The usual morning routine was to boil water for at least a minute from either the household’s borehole supply or the government tap, preferably using an electric kettle but using the gas stove, and precious bottled gas, if not. The bubbling boiling water was then poured into the top of a gallon-capacity water filter which contained two sandstone water candles and left to drip through to the collecting drum below. Drinking water was then drawn from a tap at the bottom of the drum. Most of that drinking water was then frozen in jars, plastic tumblers or water bottles. The children’s school water bottles had been prepared on Friday and were waiting to be taken from the freezer. The thawing water would give them a cool drink for most of the school day. Meanwhile an insulated water dispenser would be loaded with tumbler blocks of frozen drinking water and left to thaw slowly throughout the day, providing the whole household with cool water to drink. Water for cups of tea and coffee would be drawn directly from the filter.

This Monday the Gods of Coca-Cola had blessed the household with drinking water. No boiling. No filtering. No worries. 

It was a good start to the week.

 

 

*Nigerian Electric Power Authority

**a power cut - usually referred to as 'taking light'.

*** Sango (pronounced Shango) is the Yoruba god of thunder and lightning who breathes fire, wields a double headed axe (magic wand) and exerts immense power.
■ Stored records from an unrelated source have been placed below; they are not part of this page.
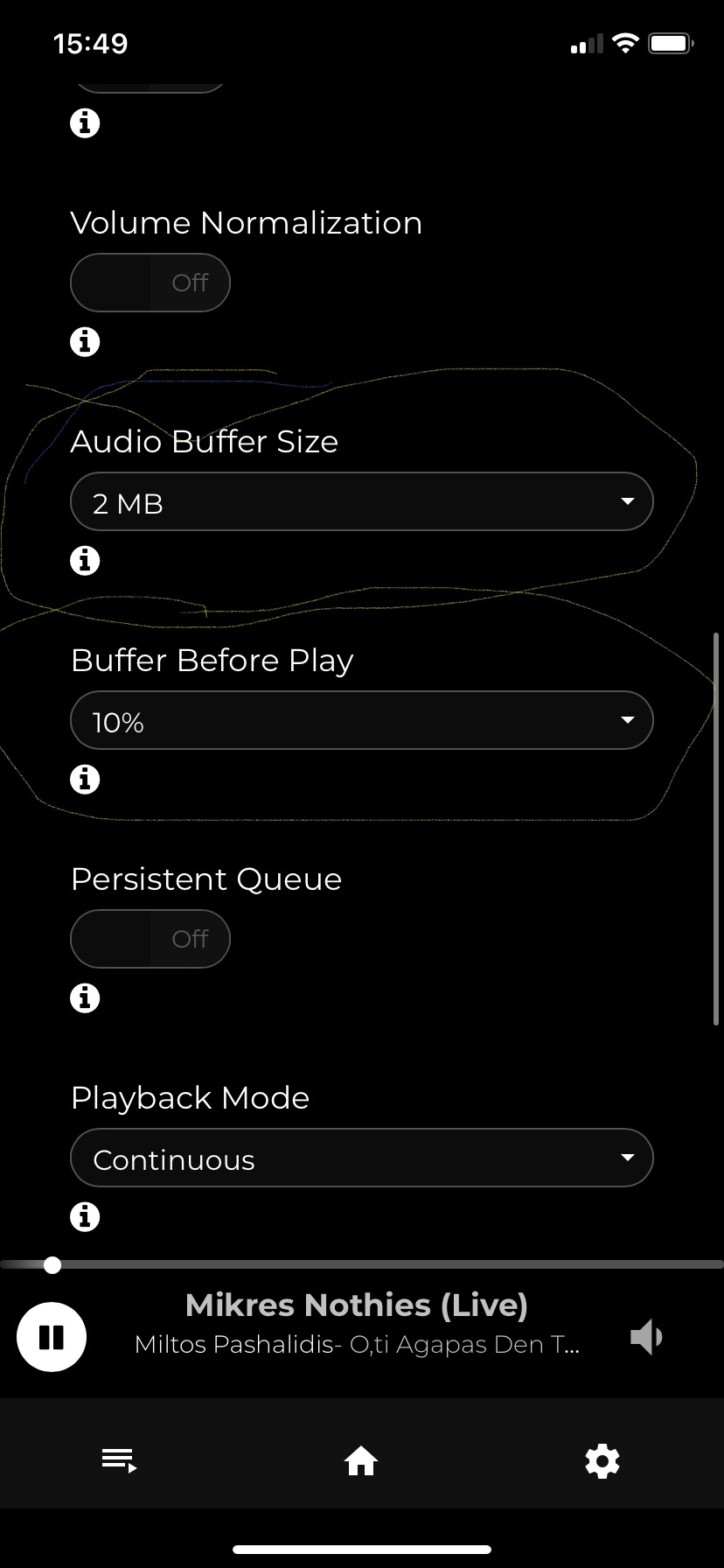 I have 32MB as audio buffer size and 30% as buffer before play and I do not have the loading behavior you have.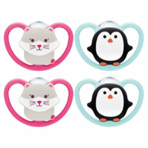 NUK Schnuller Space Gr- 3, 18 – 36 Monate Silikon Katze/Pinguin 4 Stück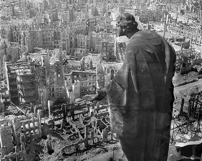 Cette tension politique éclipse les 25 000 victimes de la « tempête de feu », trois jours de bombardement au phosphore (du 13 au 15 février 1945) sur Dresde, la Florence allemande, dont il ne restera plus que des ruines. Après ceux d’Hiroshima et de Nagasaki, il s’agit du bombardement aérien le plus meurtrier de la Seconde Guerre mondiale. Pourtant, Dresde n’était pas un objectif stratégique majeur et, en février 1945, l’Allemagne était déjà à genoux. Un demi-siècle plus tard, les Anglais et les Américains ont finalement prononcé des excuses pour tant de victimes civiles inutiles. Mais, comme il s’agissait de punir un pays et un peuple à l’origine de plusieurs millions de morts en Europe, l’histoire a finalement relégué ce drame au rang de simple épisode de la guerre.

His statue stands outside of the offices of the National Power Holding Company of Nigeria (formerly NEPA)

Sango sculpted in 1964 by Ben Enwonwu (1917-1994)

3 comments:

Ann Reader said...

An insight into a different life, we take so much for granted in the UK

Irena Szirtes said...

Such an interesting read...keep writing those memoirs Liz 🙂

Liz said...

Thank you both. I am going to try to write up some more autographically inspired windows on living in Nigeria - a long time ago now - High Town Writers and their writing themes gives me the pegs to work my memories around. They’re so helpful and help me discipline my writing endeavours!